Would be nice if the image display would work the same on the NON PRIMARY window also.
I don't think it is tied to the primary monitor (unless it's the first time it was opened) or where any lister is open.
The viewer remembers the position it was in when it was last closed. New viewers will open in the same place. (Subject to other settings like resizing to fit the image, and centering on the screen it ends up on etc.)

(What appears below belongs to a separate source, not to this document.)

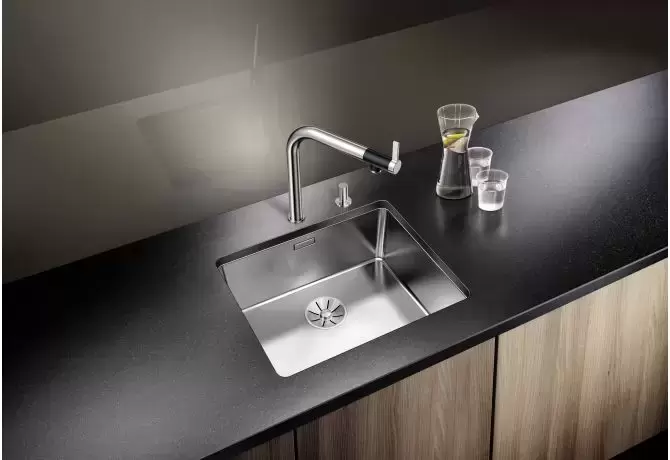 Blanco Andano 400-U — стильная мойка из нержавеющей стали от Blanco, которая гармонично дополнит интерьер кухонного пространства. Для производства используется гигиеничная нержавеющая сталь 18/10 c зеркальной полировкой. Гармоничный дизайн не утратит свою популярность долгие годы. Модель квадратной формы из коллекции Andano устанавливается под столешницу. Такой тип монтажа считается наиболее гигиеничным, так как позволяет обойтись без стыков и швов, где скапливается грязь. Поддержанию чистоты служат и скругленные углы мойки. Все изделия из этой коллекции отличаются увеличенной глубиной чаши 19 см. В ней можно без труда вымыть объемную посуду, обработать продукты большого размера. Хромоникелевая сталь толщиной 0,9 мм сохраняет блеск и прочность даже при воздействии высоких температур и химически активных веществ. Ширина 44 см позволит установить мойку в небольшой кухне: для монтажа ее требуется база шириной всего 45 см.

It only updates its stored position on close, not on movement. So if you open two viewers, and move but don't close the first opening the second, the second will open where the first originally opened. If you close the first before opening the second, the second will open where you closed the first.
I invite you to try this just with one Lister and one image:-
1 - Just to make sure the location is saved in a controlled manner, open and close the image on the main screen. When opened again that's where it opens.
2 - Move the Lister to a secondary screen and open the image again. It will open in the last location on primary screen as per step 1.
3. Don't close the image on the main screen but move it ON TOP of the Lister in the Secondary Screen. And then Close the image. When opening it again IT SHOULD open in that same position. on top of the lister in the secondary screen.
4. EXCEPT that IT DOESN'T. It open on the primary screen.
5. HOWEVER, if instead of moving it on top of the lister on the secondary screen, you place it outside the Lister window and close it and reopen it. IT DOES open in the same location on the secondary screen.
SO - Only when the image is on TOP of the LISTER in the SECONDARY screen it does NOT retain its closing location.
That's not what happens here. If I move the viewer to a second screen, close it, then open another viewer, it opens on the second screen. Doesn't matter which screen the lister is on.
Do you have any scripts installed that change where the viewer opens? It would not normally even check if it's overlapping a lister or not.
Are you placing the viewer on TOP of the lister?
No I have a plain vanilla OPUS installation with no alterations, except this saving of the image position
Sorry no as I mentioned earlier my system is pretty much vanilla. I don't use tools which modify the native windows operations, at least not knowingly.
The thing that gets me is that this behaviour only occurs when the viewer is placed on top of the lister on the non primary window, which to me indicates that it knows where it is.
Once you move the viewer at least 2/3 overlapping with the left side of lister this behaviour kicks in.
And my secondary screen is on the left of the primary.
By the way placing the viewer on top, right or bottom of the lister, overlapping or not, does not retain the viewer location at all and ALWAYS causes the viewer location to default back to the left edge of the primary screen in the same vertical position.
In brief, the only time the view location is preserved is when it is on the left of the lister or up to 2/3 overlapping the left side of the lister.
If however the lister size is increased such that the viewer comes fully over the lister, without moving the viewer, the location is preserved.
But the moment you MOVE the viewer fully or at least 2/3 overlapping with the lister the location is not preserved and once reopened the viewer defaults back to the primary screen.
So from what I can glean from all this is the it is dependent on the viewer being moved to overlap the lister which causes this behaviour.
I swapped the two displays around in the display settings and the weird thing is that the problem goes away. Not quite sure what to make of that and why it goes away.
That's the only setting I changed was to remove the image centring .
After that the image display still works the same way as before with regard to the screen it displays on,
ie if the image is on top of the secondary screen lister it will centre on the primary screen centre instead.
One of my screens has negative coordinates and it still works on there. I don't think it's that.
Are the two screens the same DPI?
What size of images are you opening?
Try turning on the center viewer window option in case that helps. Or turn off the "auto-size viewer window" option. It's possible the viewer is resizing to a size which pushes it off the right hand edge of the monitor it was going to open on, which makes it snap to the next monitor instead, perhaps.
The two screen have the same 100% scaling yes, but the display sizes are different.
Primary screen is 49" 5120x1440 pixels and the Secondary is 36" 3440x1440
The image sizes are small, less than the size of viewer in all cases.
Looks like it is a difficult issue to fix, so I'll work around it.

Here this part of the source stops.